Although when i look at the performance monitor now (having the realtek audio device disabled) the (Events logged per second - MsMpPsSession7) is now reading at around 10 processes per second every second as opposed to 100 as stated earlier. Also there are no random audio processes spikes (obviously) because the device is disabled.

I'll post again if my computer freezes and if it doesn't I'll post up in the morning to let you know. hope this helps.
 

db17k

Distinguished
Dec 10, 2009
9
0
18,510
Yeah i woke up today and my system was frozen again, so i guess that's not it. I was using the performance monitor that comes with windows 7.

from the Start Menu search bar, type in performance monitor and the program should pop up.

on to more troubleshooting.
 

ekoostik

Distinguished
Sep 9, 2009
1,327
0
19,460

It may be a long shot, but did you ever try with CCC uninstalled?

Also, what BIOS version do you have installed?
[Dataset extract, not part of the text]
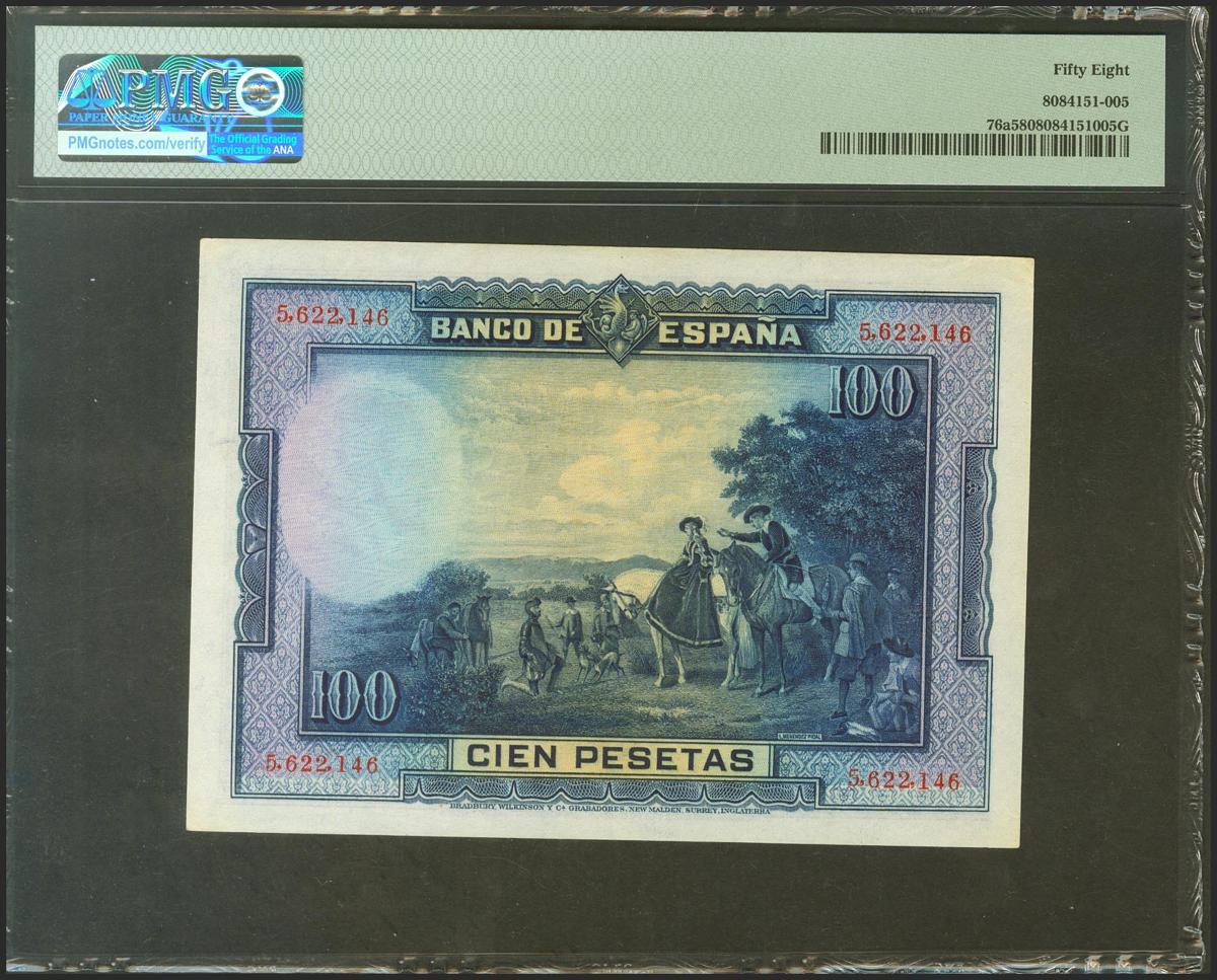100 pesetas. August 15, 1928. Without series. (Edifil 2021: 355, Pick: 76a). EBC ++. PMG58 package.

The latest for your board is 1102 released on 11/27, and Asus indicates at least one of the updates prior "Improves system stability."
http://asus.com/product.aspx?P_ID=j02KziJq95KbCQNm&templete=2
 

brownbat

Distinguished
Oct 23, 2009
52
0
18,640
"It may be a long shot, but did you ever try with CCC uninstalled?"

Not yet, hasn't crashed yet. Based on my previous timeline, could be up to two weeks before I know for sure if the problem is still around. I'll check out the BIOS though, thanks.

*BIOS updated. Fingers crossed. With all the changes, if the problem goes away, I won't really be sure what fixed it.